Upon review of the evidence presented at the confirmation hearing that took place over three days, I make the following factual findings.

I.

A.

South Canaan Cellular Communications Co., LP, d/b/a Cellular One of Northeast Pennsylvania (“SCCCC, LP”) is a limited partnership that provides wireless communications services in Pennsylvania Rural Service Area 5 located in Pike and Wayne Counties, Pennsylvania. It holds a cellular B-side FCC license. 1 N.T., at 51. SCCCC, LP has four limited partners: South Canaan Telephone Co. (“SCTC”) holds a 10.2% limited partnership interest; South Canaan Cellular Telephone Co., DE (“SCCTC”), a wholly-owned subsidiary of U.S. Cellular, 1 N.T., at 16, which is in turn a subsidiary of TDS Telecommunications Corp., 1 N.T., at 6, holds a 49% limited partnership interest 1 debtor South Canaan Cellular Equity, LLC (“SCCE”) holds a 39.8% limited partnership interest; and finally debtor South Canaan Cellular Investments, LLC (“SCCI”) is the general partner of SCCCC, LP and holds a 1% limited partnership interest. See exs. D-5; D-10, at 8-9; 1 N.T., at 50-51.

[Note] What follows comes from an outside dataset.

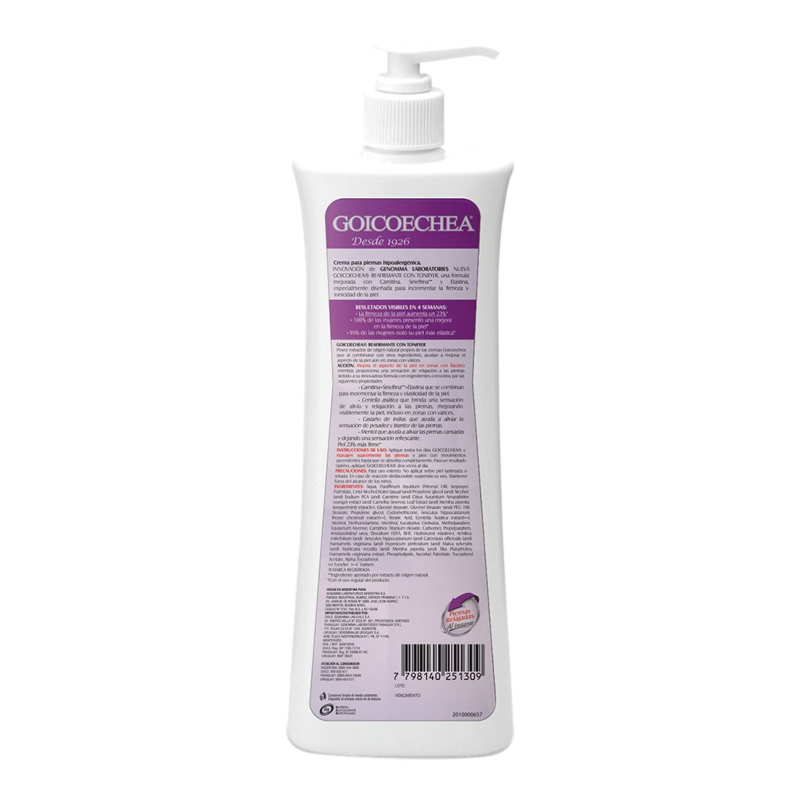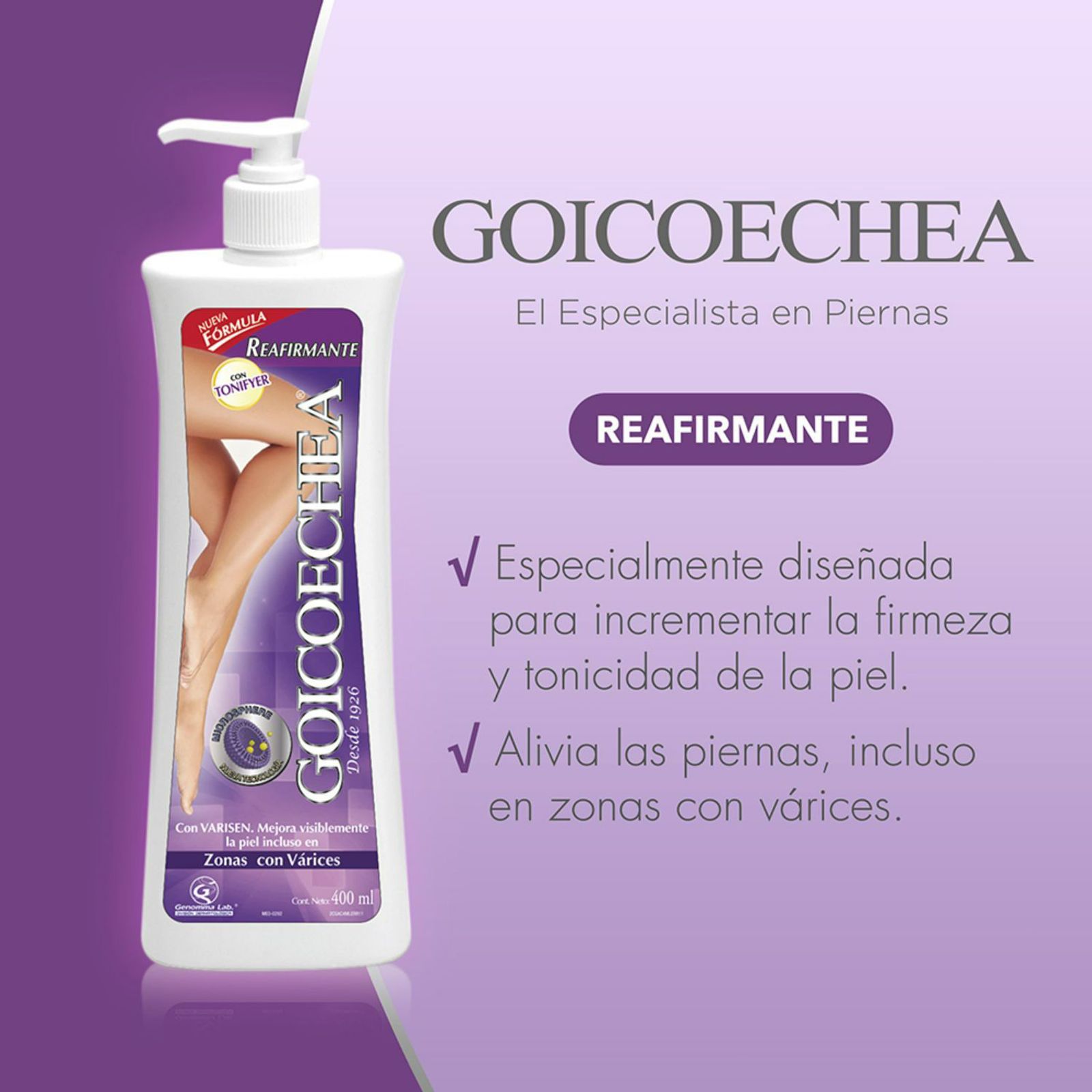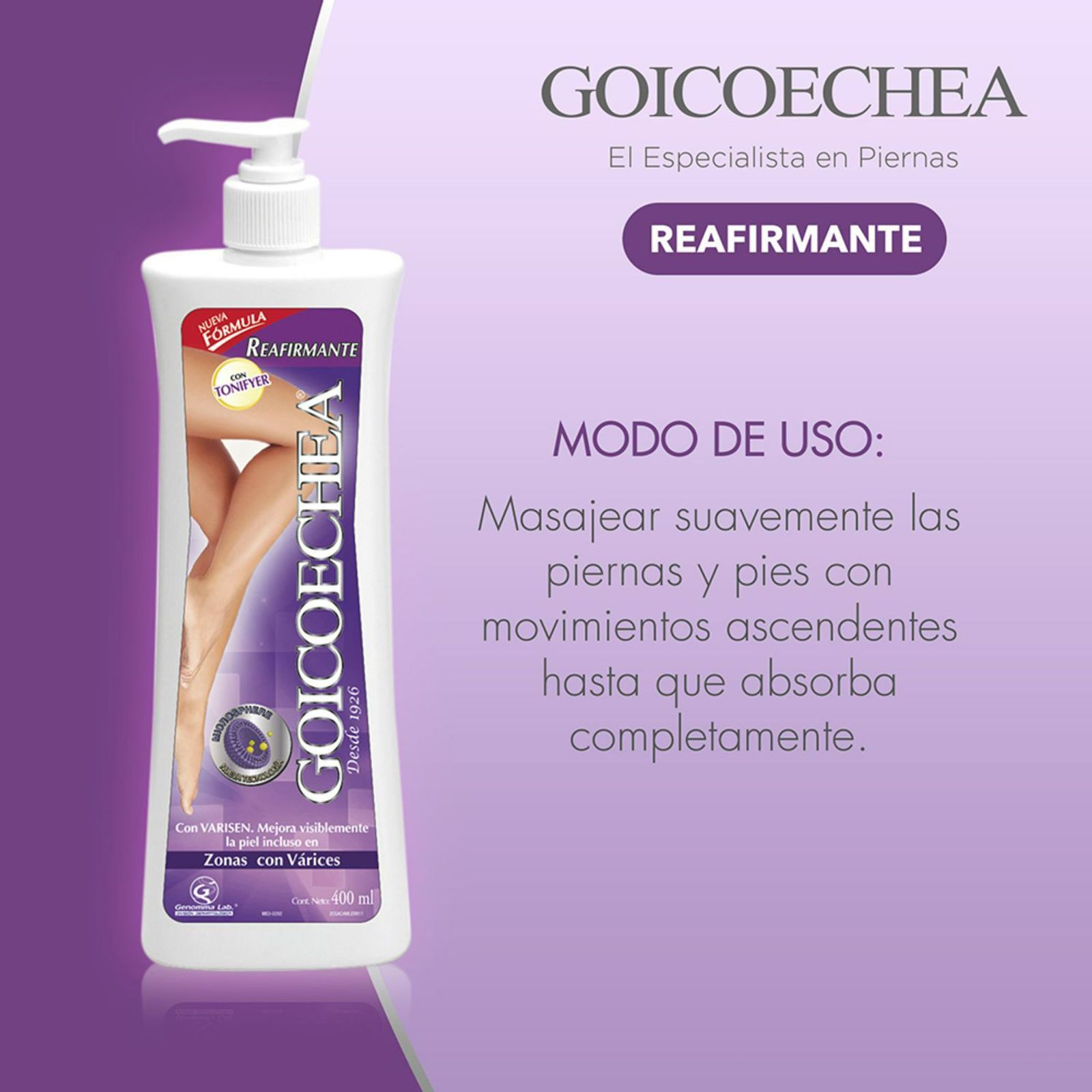 Goicoechea Reafirmante con Tonifyer fórmula mejorada con Carnitina Sinefrina y Elastina especialmente diseñada para incrementar la firmeza y elasticidad de la piel. BENEFICIOS – FIRMEZA: Especialmente diseñada para incrementar la firmeza y tonicidad de la piel. – ALIVIO: Alivia las piernas incluso en zonas con várices – FÓRMULA: Su fórmula mejorada con Carnitina Sinefrina y Elastina – ACCIÓN: Mejora el aspecto de la piel en zonas con flacidez y várices, mientras relaja las piernas MODO DE USO Masajear suavemente las piernas y pies con movimientos ascendentes hasta que absorba completamente.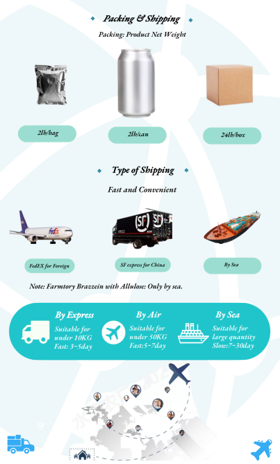 Brazzein is packed in 1kg cans and grouped into 12kg boxes to ensure safe, high-quality transit

The limited partnership was reconstituted in October 2000, via a restated and amended partnership agreement that is governed by the Delaware Revised Uniform Limited Partnership Act. Exs. D-2; LTI-1 (tab 3A, 3B). Among the provisions of the partnership agreement relevant to this confirmation dispute are: Article 6 (limited partnership distributions); Article 7 (rights and powers of the partners, including the general partner); and Article 8 (transfers of partnership interests). Of particular relevance is § 8.5:

At any time after October 1, 2005, SCCTC, its successors and assigns, shall have the right to purchase, and the General Partner and the other Limited Partners shall have the right to sell to SCCTC, its successors and assigns, all of the Partnership Interests in the Partnership of the General Partner and the other Limited Partners....

*51 The balance of § 8.5 concerns the mechanism of determining the purchase price to be paid by SCCTC for this “put and call” provision.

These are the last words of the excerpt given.